After the above introduction, it can be seen that it can be seen that the groove connection method has great advantages at the hyperbolic level. The SAFS steel structure believes that this practice can be promoted and applied. It is particularly applicable to ordinary mid -range materials such as ordinary pressure steel plates. For high -end materials such as aluminum plates or aluminum alloy plates, direct forming method can also be used. The cost of such engineering is generally relatively high, the strength of the board is low, and it is easy to mold.

Main Factors of Steel Structure Damage and Its Reinforcing Technical Measures

 The main factors of steel structure damage are:

(1) Insufficient bearing capacity of the structure caused by load changes, extended service, and changes in codes and regulations;

(2) The component is deformed, twisted, disabled, dented, etc. due to various accidents, resulting in weakening of the section of the component, warping of the rod, cracking of the connection, etc.;

(3) Deformation, cracking and warping of components or connections caused by temperature difference;

(4) The cross-section of steel structural members is weakened due to corrosion caused by chemical corrosion and electrochemical corrosion;

(5) Others include mistakes in design, production, and construction, and illegal use and operation during the service period.

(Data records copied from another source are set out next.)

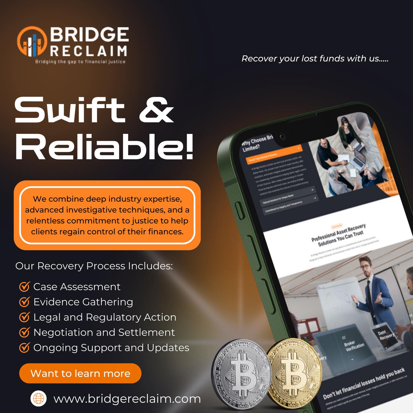 If you've been scammed,Reach out to BRIDGERECLAIM right away to start getting back your lost funds. They helped get 230,000$ I was scammed.They have a dedicated team ready to help you get your money back.
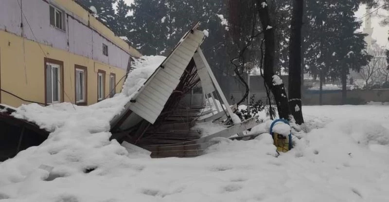 Kahramanmaraş’ın Türkoğlu ilçesinde yoğun kar yağışı nedeniyle bazı binaların çatıları çöktü.
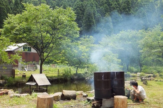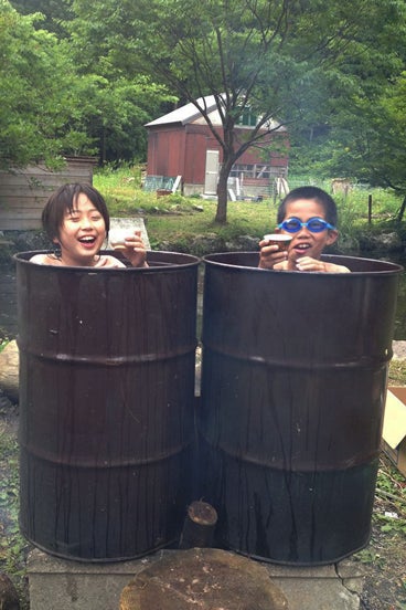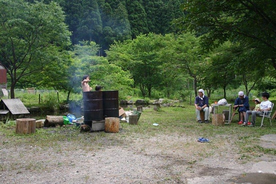 百笑の郷ではこんなことをしています。 ・ドラム缶風呂 ・川遊び ・洞窟探検 ・そば打ち、流しそうめん ・薪割り ・竹細工、木工細工 ・農業体験 ・滝行 ・ヨガ などなど 会員になるとこれらの体験が半額になります。(そば打ちと流しそうめんはのぞく) 開放感いっぱいのドラム缶風呂!
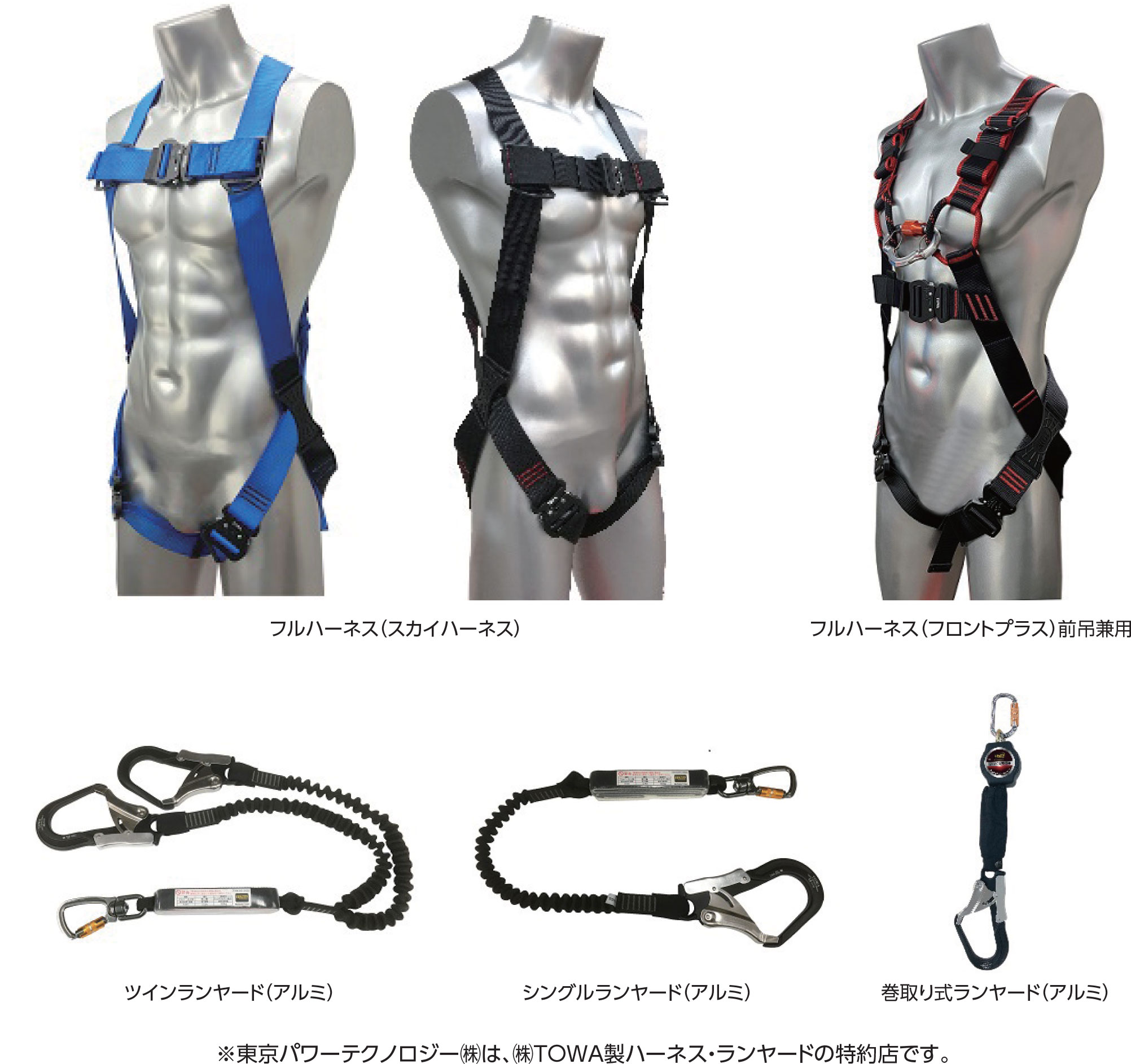 TOWA製のフルハーネスとランヤードをご提案いたします。

There are mainly three types of reinforcement technical measures for steel structures:

(1) Cross-section reinforcement method: Reinforce with steel in part or along the whole length of the member, and connect them into a whole to make them bear common force;

(2) Change the calculation diagram: add additional supports, adjust the load distribution, reduce the level of internal force, and force the displacement of the statically indeterminate structural supports to reduce the stress peak;

(3) Prestressed cable method: use high-strength cables to reinforce weak links of the structure or improve the overall bearing capacity, stiffness and stability of the structure.